Meski demikian, valuasi tersebut masih mencerminkan kepercayaan pasar terhadap fundamental BCA sebagai bank dengan kinerja keuangan yang konsisten. 

Penyesuaian harga saham dinilai lebih dipengaruhi oleh faktor eksternal dibandingkan dengan perubahan signifikan pada kinerja operasional perusahaan. Hal ini sejalan dengan pandangan manajemen yang menilai volatilitas pasar merupakan hal yang tidak terpisahkan dari dinamika investasi saham.

Dominasi Investor Asing Pengaruhi Pergerakan

Presiden Direktur PT Bank Central Asia Tbk, Hendra Lembong, menilai fluktuasi harga saham BBCA merupakan sesuatu yang wajar. Ia menekankan bahwa struktur kepemilikan saham BBCA yang didominasi oleh investor asing turut memengaruhi pergerakan harga di pasar. Sekitar 70% hingga 80% saham free float BBCA diketahui dimiliki oleh investor asing.

Komposisi kepemilikan ini membuat pergerakan saham BBCA sangat sensitif terhadap sentimen global dan perubahan persepsi investor asing terhadap kondisi ekonomi, baik di tingkat global maupun domestik. Arus keluar dan masuk dana asing kerap terjadi seiring perubahan outlook ekonomi global, kebijakan moneter negara maju, serta dinamika geopolitik internasional.

Struktur Saham dan Free Float BBCA

Berdasarkan laporan bulanan registrasi pemegang efek per 31 Desember 2025, jumlah saham BBCA yang ditempatkan dan disetor penuh tercatat sebanyak 123,27 miliar saham. Dari jumlah tersebut, saham yang tergolong sebagai free float mencapai 52,16 miliar saham atau setara dengan 42,74% dari modal ditempatkan dan disetor.

Besarnya porsi free float ini membuat saham BBCA relatif likuid dan aktif diperdagangkan di pasar. Namun, di sisi lain, kondisi tersebut juga membuat harga saham lebih mudah terpengaruh oleh transaksi investor besar, khususnya investor institusi asing yang memiliki porsi kepemilikan signifikan dalam free float tersebut.

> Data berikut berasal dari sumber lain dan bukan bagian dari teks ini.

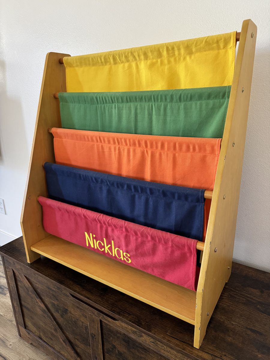 I have this fabric book shelf for sale! It has been used and has the name Nicklas embroidered into it. It works great and comes from a pet friendly home. Dimensions are in the photos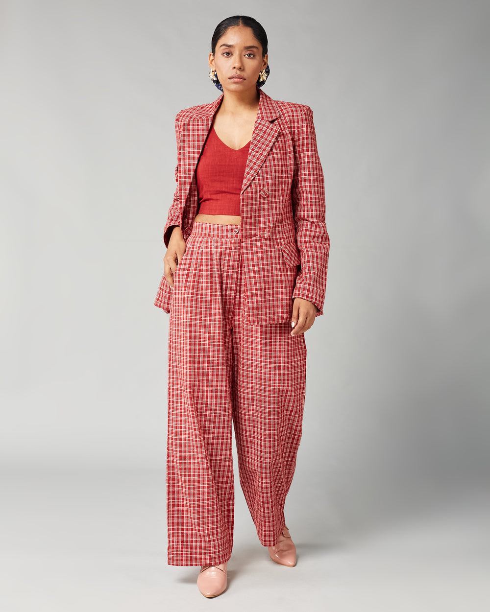 Bold, versatile, and effortlessly chic—the Suri Trouser is a statement piece that belongs in your wardrobe. Crafted from handwoven fabric, its tailored fit and eye-catching checkered pattern bring the perfect balance of structure and playfulness. Designed for both style and practicality, it features functional pockets to keep your essentials close. Whether paired with a crisp shirt for a power look or a relaxed tee for weekend ease, this trouser adapts to your every mood. Elevate your everyday style with a piece that’s as bold and dynamic as you are!

Faktor Eksternal di Luar Kendali Manajemen

Dengan struktur kepemilikan tersebut, Hendra menegaskan bahwa pergerakan harga saham BBCA tidak sepenuhnya berada dalam kendali manajemen. Banyak faktor eksternal yang memengaruhi keputusan beli dan jual investor, mulai dari kondisi ekonomi global hingga persepsi risiko pasar negara berkembang.

“Yang di dalam kontrol kami, manajemen BCA adalah memastikan performance kami bisa sebaik-baiknya, tetapi kalau harga saham memang normal naik dan turun,” jelasnya dalam konferensi pers, Selasa. Pernyataan ini menegaskan fokus manajemen BCA yang tetap diarahkan pada penguatan kinerja operasional dan fundamental perusahaan.

Manajemen menilai bahwa selama kinerja perusahaan terjaga dengan baik, fluktuasi harga saham dalam jangka pendek tidak menjadi indikator tunggal untuk menilai kesehatan perusahaan. Oleh karena itu, BCA tetap memprioritaskan strategi bisnis jangka panjang yang berkelanjutan.

Pandangan Investor Asing Jadi Penentu

Hendra juga menambahkan bahwa investor asing cenderung melihat kondisi global dan prospek makroekonomi secara luas sebelum mengambil keputusan investasi. Dalam konteks ini, pergerakan saham BBCA tidak dapat dilepaskan dari penilaian investor terhadap prospek ekonomi Indonesia ke depan.

“Agak sulit dijawab apakah ini saatnya beli atau tidak karena ini tergantung bagaimana para investor asing melihat prospek ekonomi Indonesia ke depannya,” ucapnya. Pernyataan tersebut mencerminkan bahwa keputusan investasi sangat bergantung pada persepsi masing-masing investor terhadap arah perekonomian nasional dan global.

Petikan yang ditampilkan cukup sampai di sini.